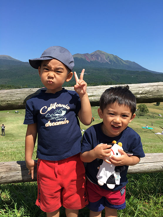 秋晴れの中広場で大はしゃぎ!大自然最高!
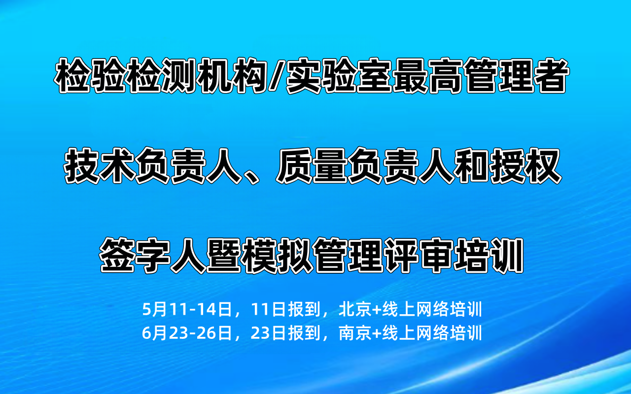 【5月】检验检测机构/实验室最高管理者、技术负责人、质量负责人和授权签字人暨模拟管理评审培训(北京 线上网络培训)
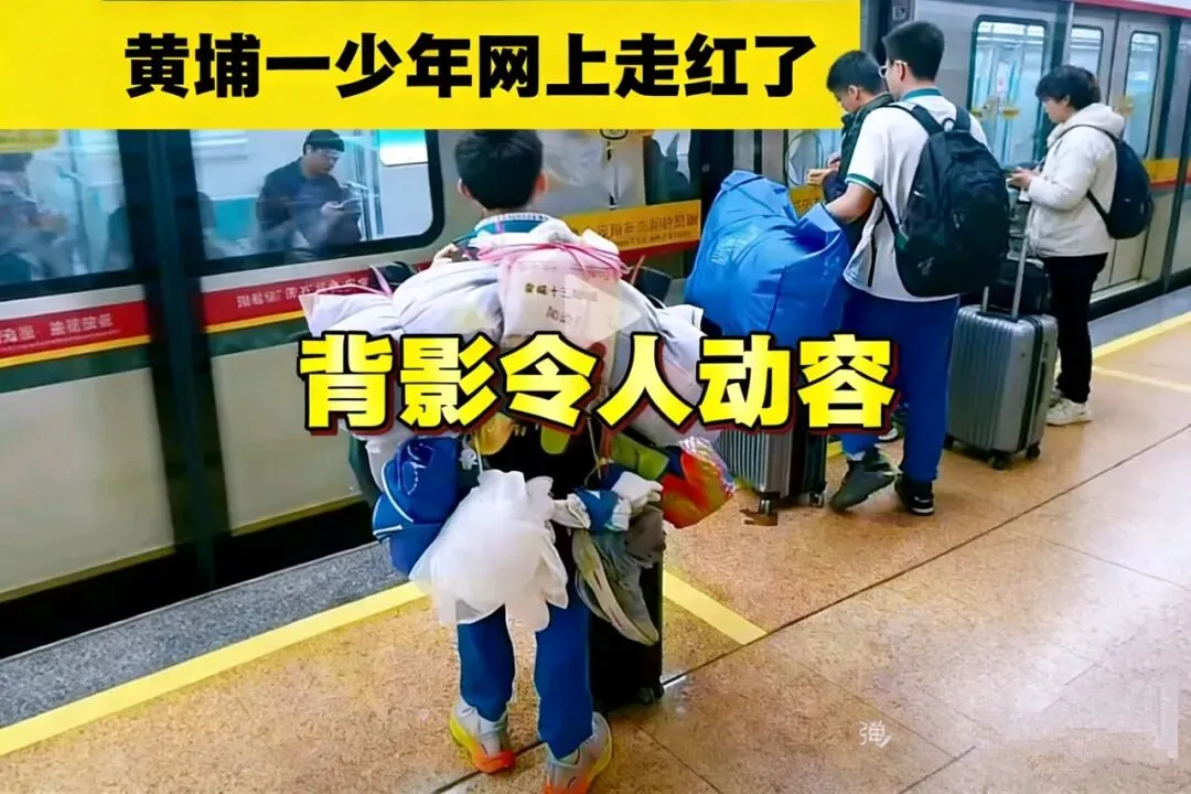 他肩上扛着的被褥捆得像座小山头,蛇皮袋里露出半截脸盆,书包带子勒得肩膀发红,却一步一顿地往车厢里挪。没有家长跟在身后,没有手机求助的慌张,只有校服后颈处那片被汗水浸湿的深色印记,在人群里晃得人眼睛发酸。

....

The material shown above is to be repeated verbatim, and its pictures are to be omitted.

## PROBLEM SOLUTION
 秋晴れの中広場で大はしゃぎ!大自然最高!
 【5月】检验检测机构/实验室最高管理者、技术负责人、质量负责人和授权签字人暨模拟管理评审培训(北京 线上网络培训)
 他肩上扛着的被褥捆得像座小山头,蛇皮袋里露出半截脸盆,书包带子勒得肩膀发红,却一步一顿地往车厢里挪。没有家长跟在身后,没有手机求助的慌张,只有校服后颈处那片被汗水浸湿的深色印记,在人群里晃得人眼睛发酸。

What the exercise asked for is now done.